Creating Supply Chain Sustainability Is a Task for All of Us


A lot of the conversations around evolving our current supply chain systems into sustainable ones focus on a top down approach. The focus is on big corporations and how they can or should reduce emissions and clean up their supply chains. At the end of the day, they control the supply chains, right?

Big corporations work with a lot of resources and hold a lot of power. Their cooperation and commitments to sustainability are certainly important. But what if we not only considered the smaller players, but actually centered them in this work? What if we actively choose to learn from them, infusing their wisdom into our entire systems?

The big companies, whether directly or indirectly, may be causing a lot of pollution, exploitation, and carbon emissions. We absolutely need their commitment to change. Many small farmers and producers are doing the best they can with what they have within the imperfect systems that exist. 

As we have expanded our network of producers, we have seen that there are also many small producers already working with solutions on the ground. And we mean this literally. Sometimes the solutions begin in the soil. The more we learn from these farmers and producers, the more we recognize how much we need them and their knowledge.

It may sound cliche, but it’s true that we are all in this together. 


In general, supply chain sustainability refers to efforts that consider the environmental and human impact of production as goods travel through the supply chain. Who touches these products on their journey from raw materials to finished products? Who handles storage, delivery, and all the transportation links in between? What processes do they use to minimize environmental harm from factors like energy usage, water consumption and waste production?

And even more importantly, is it possible to not only reduce negative impact, but have a positive impact on the people and communities involved in the supply chains? 

Who Profits if We Don’t Have a Livable Planet?

When it comes to sustainability, these concerns should be equal to traditional corporate concerns around revenue and profit. In an ethical sense, we should all be asking, what good is revenue if we don’t have a livable planet? What good is profit if it is only for a handful of powerful players while the majority of the humans on the planet are traped in harmful cycles of poverty? And while these questions haven’t historically been the ones guiding our capitalistic endeavors, they should certainly be the ones informing future designs. 

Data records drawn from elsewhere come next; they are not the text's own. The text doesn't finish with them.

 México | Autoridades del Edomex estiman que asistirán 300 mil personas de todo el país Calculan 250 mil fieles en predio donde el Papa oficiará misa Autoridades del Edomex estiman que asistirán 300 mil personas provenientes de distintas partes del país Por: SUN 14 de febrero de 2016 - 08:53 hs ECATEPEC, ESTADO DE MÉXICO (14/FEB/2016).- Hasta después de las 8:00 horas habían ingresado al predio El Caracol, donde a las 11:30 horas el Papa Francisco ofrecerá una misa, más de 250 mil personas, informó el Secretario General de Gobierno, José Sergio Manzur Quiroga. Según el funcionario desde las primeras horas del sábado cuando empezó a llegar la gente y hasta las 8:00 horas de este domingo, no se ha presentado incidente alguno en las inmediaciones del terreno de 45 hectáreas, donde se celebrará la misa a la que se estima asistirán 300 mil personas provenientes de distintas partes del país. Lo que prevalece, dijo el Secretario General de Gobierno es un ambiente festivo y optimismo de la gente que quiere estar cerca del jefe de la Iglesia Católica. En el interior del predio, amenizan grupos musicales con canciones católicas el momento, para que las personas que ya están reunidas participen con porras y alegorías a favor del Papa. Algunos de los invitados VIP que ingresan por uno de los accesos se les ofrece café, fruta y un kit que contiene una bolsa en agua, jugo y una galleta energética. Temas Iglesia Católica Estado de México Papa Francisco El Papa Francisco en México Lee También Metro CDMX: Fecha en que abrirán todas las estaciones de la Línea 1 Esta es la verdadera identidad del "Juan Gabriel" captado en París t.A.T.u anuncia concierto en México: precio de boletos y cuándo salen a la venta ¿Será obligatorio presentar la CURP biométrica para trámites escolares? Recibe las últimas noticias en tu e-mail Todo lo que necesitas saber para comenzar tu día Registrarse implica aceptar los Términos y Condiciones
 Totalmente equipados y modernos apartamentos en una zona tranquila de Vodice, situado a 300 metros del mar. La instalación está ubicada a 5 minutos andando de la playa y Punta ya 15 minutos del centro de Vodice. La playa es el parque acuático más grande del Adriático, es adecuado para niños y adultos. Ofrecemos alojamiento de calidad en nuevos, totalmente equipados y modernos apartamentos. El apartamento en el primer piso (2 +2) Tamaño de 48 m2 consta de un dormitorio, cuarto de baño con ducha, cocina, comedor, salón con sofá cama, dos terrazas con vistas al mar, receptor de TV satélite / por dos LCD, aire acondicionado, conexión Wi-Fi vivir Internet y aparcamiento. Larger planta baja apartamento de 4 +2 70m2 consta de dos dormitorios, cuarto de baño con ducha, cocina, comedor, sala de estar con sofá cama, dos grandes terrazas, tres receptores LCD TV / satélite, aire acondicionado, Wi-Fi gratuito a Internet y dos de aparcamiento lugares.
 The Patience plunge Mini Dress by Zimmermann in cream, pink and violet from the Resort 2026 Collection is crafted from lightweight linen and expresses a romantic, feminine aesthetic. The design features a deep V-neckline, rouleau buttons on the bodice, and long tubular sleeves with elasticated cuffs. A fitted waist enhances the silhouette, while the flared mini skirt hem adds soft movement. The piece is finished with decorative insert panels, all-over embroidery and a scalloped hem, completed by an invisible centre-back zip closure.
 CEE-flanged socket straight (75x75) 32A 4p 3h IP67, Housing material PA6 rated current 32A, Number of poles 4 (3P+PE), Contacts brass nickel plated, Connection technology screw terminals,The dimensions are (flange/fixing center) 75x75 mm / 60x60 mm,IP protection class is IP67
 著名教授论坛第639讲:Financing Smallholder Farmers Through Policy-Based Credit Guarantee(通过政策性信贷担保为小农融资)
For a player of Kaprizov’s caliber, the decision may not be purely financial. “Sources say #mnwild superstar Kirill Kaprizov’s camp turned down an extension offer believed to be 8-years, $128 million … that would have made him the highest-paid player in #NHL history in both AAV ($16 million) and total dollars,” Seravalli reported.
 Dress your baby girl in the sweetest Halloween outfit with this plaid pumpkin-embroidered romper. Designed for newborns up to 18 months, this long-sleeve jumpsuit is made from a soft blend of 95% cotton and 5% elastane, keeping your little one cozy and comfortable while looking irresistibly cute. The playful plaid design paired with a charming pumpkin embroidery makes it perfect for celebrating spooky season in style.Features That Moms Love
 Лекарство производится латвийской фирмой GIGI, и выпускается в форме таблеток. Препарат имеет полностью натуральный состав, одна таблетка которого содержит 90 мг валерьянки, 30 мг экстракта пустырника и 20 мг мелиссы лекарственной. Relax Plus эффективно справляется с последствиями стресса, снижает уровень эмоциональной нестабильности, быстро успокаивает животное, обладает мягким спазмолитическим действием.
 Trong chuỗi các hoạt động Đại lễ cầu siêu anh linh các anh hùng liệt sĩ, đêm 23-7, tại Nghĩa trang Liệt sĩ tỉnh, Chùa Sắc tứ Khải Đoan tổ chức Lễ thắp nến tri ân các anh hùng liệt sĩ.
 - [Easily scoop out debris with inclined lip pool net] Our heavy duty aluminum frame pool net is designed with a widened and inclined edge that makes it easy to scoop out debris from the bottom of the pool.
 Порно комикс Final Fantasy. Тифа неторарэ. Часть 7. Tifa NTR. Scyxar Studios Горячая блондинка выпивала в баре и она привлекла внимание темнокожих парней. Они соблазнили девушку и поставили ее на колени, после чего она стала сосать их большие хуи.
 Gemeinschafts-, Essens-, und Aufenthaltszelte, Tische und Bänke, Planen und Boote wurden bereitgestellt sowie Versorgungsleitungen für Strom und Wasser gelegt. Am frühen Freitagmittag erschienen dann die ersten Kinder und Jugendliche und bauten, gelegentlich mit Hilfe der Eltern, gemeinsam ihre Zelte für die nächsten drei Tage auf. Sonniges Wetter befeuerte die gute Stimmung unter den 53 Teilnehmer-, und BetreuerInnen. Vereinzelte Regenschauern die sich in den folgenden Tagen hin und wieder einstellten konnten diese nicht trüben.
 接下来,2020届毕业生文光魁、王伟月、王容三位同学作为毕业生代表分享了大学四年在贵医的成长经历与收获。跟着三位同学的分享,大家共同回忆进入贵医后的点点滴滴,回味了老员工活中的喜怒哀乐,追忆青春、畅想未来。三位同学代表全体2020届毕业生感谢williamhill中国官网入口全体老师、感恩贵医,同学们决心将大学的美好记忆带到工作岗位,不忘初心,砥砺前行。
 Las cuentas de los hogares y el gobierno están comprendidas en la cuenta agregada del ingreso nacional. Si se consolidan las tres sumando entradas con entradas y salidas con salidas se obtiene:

It may be true that many corporate leaders do have long-term sustainability goals for their supply chains, but few have the visibility, technology, and comprehensive processes in place to follow through with them. Often we have the ideas before we have the structure to support them. And often, when many companies began to feel the social and consumer pressure to become more sustainable, they ended up engaging in greenwashing to create the appearance of such sustainability without ever embracing the value of it.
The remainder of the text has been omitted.